Friday, 3 October 2025

Jubilee of the Missions

The days 4th-5th October 2025 are being marked as the Jubilee of the Missions, with a particular invitation to religious and lay participants in the Church's missionary activity to join in the events in Rome. It coincides with the Jubilee of Migrants, being marked on the same days.

The Decree Ad Gentes of the Second Vatican Council (n.6) defined the term "missions" as follows:

"Missions" is the term usually given to those particular undertakings by which the heralds of the Gospel, sent out by the Church and going forth into the whole world, carry out the task of preaching the Gospel and planting the Church among peoples or groups who do not yet believe in Christ. These undertakings are brought to completion by missionary activity and are mostly exercised in certain territories recognized by the Holy See. The proper purpose of this missionary activity is evangelization, and the planting of the Church among those peoples and groups where it has not yet taken root.

In a chapter addressing the nature of missionary work, the Decree (nn.10-18) goes on to identify three stages to that work: the presence of a Christian witness,  the preaching of the Gospel and building of a Christian community through catechesis and the Sacraments of initiation, and then the forming of self-sustaining Christian life.

The missionary work of the Church is overseen by the secretariats of the four Pontifical Mission Societies, which sit within the Dicastery for Evangelisation (see organisational structure here). In collaboration with the Dicastery for Evangelisation, they are sponsoring a conference The Missio ad Gentes today: Toward new Horizons to mark the Jubilee of Missions. The website of the Pontifical Mission Societies is very informative about the founding and work of the four different societies.

In May 2023, Pope Francis dedicated a General Audience address to the person of St Francis Xavier, one of two patron saints of the missions. It was part of a series addressing the theme of a passion for evangelisation and presenting examples of apostolic zeal. At the start of his address, Pope Francis drew attention to an aspect of the missionary impulse, the leaving of one place to preach the Gospel in another, as he gave an account of Francis Xavier's missionary life:

And a missionary is great when he or she goes. ...

[Francis Xavier] was the first of a numerous band of passionate missionaries in modern times, to depart, ready to endure immense hardships and dangers, to reach lands and meet peoples from completely unknown cultures and languages, driven only by the powerful desire to make Jesus Christ and his Gospel known.
 In October that same year, Pope Francis dedicated an Apostolic Exhortation C'est la confiance to the second patron saint of the missions, St Therese of Lisieux.

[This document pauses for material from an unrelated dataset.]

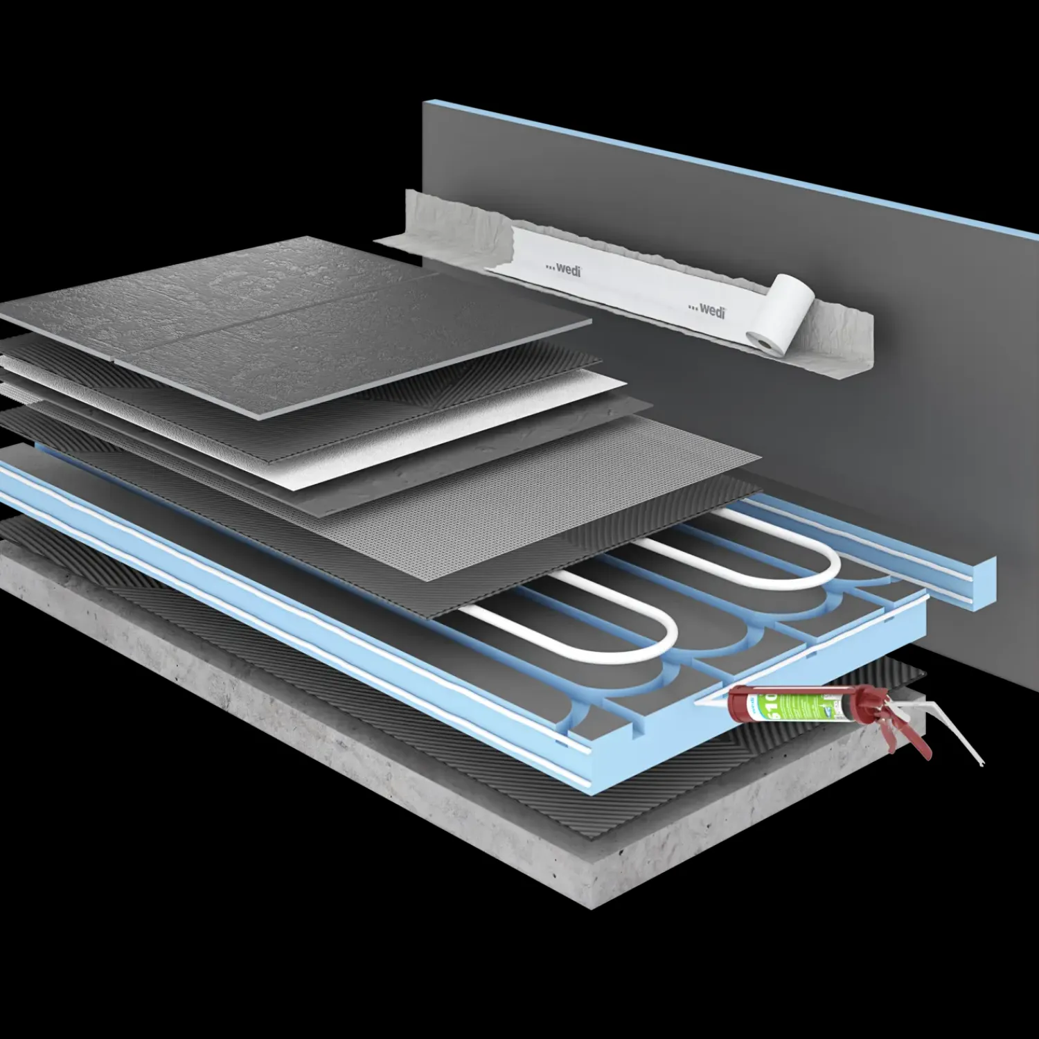 De præfabrikerede wedi PreLine muliggør hurtig, vandtæt installation af gulvvarme. Vandrør kan nemt lægges i udfræsningen (anbefalet: aluminium PEX Ø16 mm) og fyldes med wedi 320 fliseklæb.

The name of Jesus was constantly on her lips, as an act of love, even to her last breath. She had also written these words in her cell: “Jesus is my one love”. It was her interpretation of the supreme statement of the New Testament: “God is love” (1 Jn 4:8.16).

A missionary soul

As with every authentic encounter with Christ, this experience of faith summoned her to mission. Therese could define her mission in these words: “I shall desire in heaven the same thing as I do now on earth: to love Jesus and to make him loved”. She wrote that she entered Carmel “to save souls”. In a word, she did not view her consecration to God apart from the pursuit of the good of her brothers and sisters. She shared the merciful love of the Father for his sinful son and the love of the Good Shepherd for the sheep who were lost, astray and wounded. For this reason, Therese is the Patroness of the missions and a model of evangelization.

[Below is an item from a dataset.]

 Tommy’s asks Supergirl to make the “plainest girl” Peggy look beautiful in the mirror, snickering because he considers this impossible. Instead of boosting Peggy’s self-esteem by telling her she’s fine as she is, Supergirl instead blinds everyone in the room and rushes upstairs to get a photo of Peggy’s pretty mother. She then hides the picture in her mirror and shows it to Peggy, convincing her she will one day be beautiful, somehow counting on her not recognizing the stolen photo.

The final pages of her Story of a Soul are a missionary testament. They express her appreciation of the fact that evangelization takes place by attraction, not by pressure or proselytism. It is worthwhile reading her own words in this regard: “ Draw me, we shall run after you in the odour of your ointments. O Jesus! It is not even necessary to say: When drawing me, draw the souls whom I love! This simple statement, ‘Draw me’ suffices. I understand, Lord, that when a soul allows herself to be captivated by the odour of your ointments, she cannot run alone; all the souls whom she loves follow in her train; this is done without constraint, without effort, it is a natural consequence of her attraction for you. Just as a torrent, throwing itself with impetuosity into the ocean, drags after it everything it encounters in its passage, in the same way, O Jesus, the soul who plunges into the shoreless ocean of your Love, draws with her all the treasures she possesses. Lord, you know it, I have no other treasures than the souls it has pleased you to unite to mine”.